Папаша прохрапел всю дорогу до дока.
Они прибыли на место, на час опоздав из увольнения. Двое патрульных промчались мимо сортира и поднялись по трапу на корабль. Клайд и Джонни, поддерживая Папашу с обеих сторон, с трудом потащились следом.
– Никакого проку от этого увольнения, – с сожалением сказал Джонни.
Возле сортира стояли две фигуры: толстая и тонкая.
– Держись, старик, – ободрил Папашу Клайд. – Еще пара ступенек.
К трапу подбежал Гнида Чобб; у него на голове была английская бескозырка с надписью на ленточке: «К. Е. В. Цейлон» . Фигуры, стоявшие у сортирной стены, вышли из тени и подошли ближе.
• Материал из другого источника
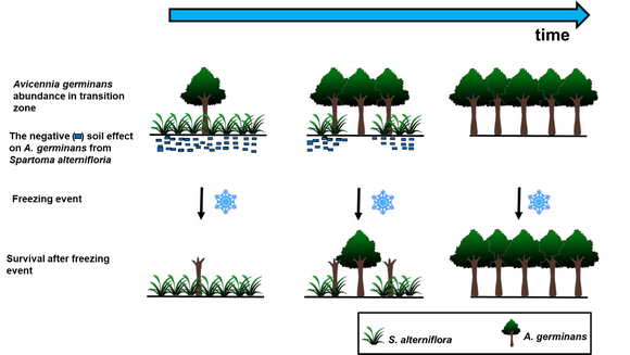 近日,国际生态学知名期刊Journal of Ecology(生态学一区,IF5年= 6.817)发表了我校生命科学学院彭少麟教授团队与美国佐治亚大学James E. Byers教授团队合作完成的最新科研成果“Freeze-tolerance of poleward-spreading mangrove species weakened by soil properties of resident salt marsh competitor”。该研究发现北美东海岸黑红树(Avicennia germinans)向高纬度扩张入侵本地互花米草(Spartina alterniflora)群落,从全新的视角揭示了全球变化背景下植物向高纬度扩张的新机制。

Папаша споткнулся.
– Роберт, – позвал женский голос ровным тоном, без вопросительной интонации.
– Привет, Папаша, – прозвучало приветствие со стороны второй фигуры.
– Кто это? – спросил Клайд.
Джонни застыл как вкопанный, и Клайд, продолжая движение по инерции, развернул Папашу к фигурам лицом.
– Чтоб мне захлебнуться в вонючем кофе, – сказал Джонни.
– Бедный Роберт, – нежно сказала Паола и даже улыбнулась, и если бы Джонни с Клайдом не были так пьяны, они бы разрыдались, как дети.
Папаша замахал руками.
– Идите, – велел он приятелям. – Я не упаду. Сам справлюсь.
Сверху, с квартердека, донесся шум спора: Гнида Чобб препирался с вахтенным офицером.
– Что значит – проваливай? – возмущался Гнида.
– У тебя на бескозырке написано «К. Е. В. Цейлон», Чобб.
– Ну и что?
– Как что? Ты ошибся кораблем.
– Профейн, – сказал Папаша. – Вернулся. Я знал, что ты вернешься.
– Это не я, – ответил Профейн. – Это она вернулась. – И отошел в сторону. Прислонился к стене вне пределов слышимости и стал разглядывать «Эшафот».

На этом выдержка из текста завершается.